なにやらひそひそと策略を練っていたところに、

「なに話してんの~?」

彩里がひょこっと現れた。
5人は一瞬目を見合わせたあと、「いやいや、こっちのメニューどれ取るかって~」「からあげが1個1個でかくねーって話してた」と強引に話をそらした。
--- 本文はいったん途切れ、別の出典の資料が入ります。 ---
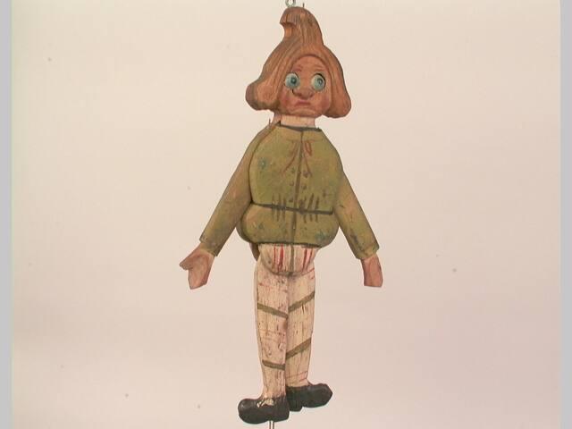 DescriptionWooden jumping jack with segments carved in relief; figure has green jacket with gold buttons and black trim; white trousers with gold bands and black shoes; limbs move and eyes roll when string between legs is pulled.Object NameJumping jack

彩里は「ふ~ん?」と不思議に思いつつも、そのまま自分の皿にサラダを盛り始めた。

蓮はというと、席につきながらもまだどこか周囲を気にしている様子。
詩弦と彩里が、隣合わせの席でわちゃわちゃと箸を動かしていた。

「ちょっと、それ私のだろ」

詩弦が彩里の皿の生春巻きを、まるで報復とばかりにすっと箸で取り自分の口に入れた。

「えっ!?なに勝手にっ!?」

彩里が箸を握りしめたまま、詩弦の顎に手をかけ開けさせようと試みる。

「返せ返せ、口開けろ!もぐもぐすんな!」

「むっ!?意味わかんない、やめろっ」

二人のそんなやりとりに、周囲の部員たちは盛大に吹き出す。

「やっぱ両想いだって、間違いないって」

さきが確信を込めて小声で言う。隣にいた蓮が、その言葉にぴくっと眉を動かした。

「両想い?」

「うん、もう見てりゃわかるよ。あの距離感はもうカップルでしょ」

と笑顔で返されると、蓮は「ああ、確かに~」と短く返し、再び自分の皿に視線を落とした。

カリフラワーのピクルス、取りすぎたな。
ドレッシングかけすぎたな。
スプーンの音が、なぜかやけに大きく響いた。

誰にも気づかれないように、箸を動かしながら、蓮はただ、笑顔を崩さずに食事を続けた。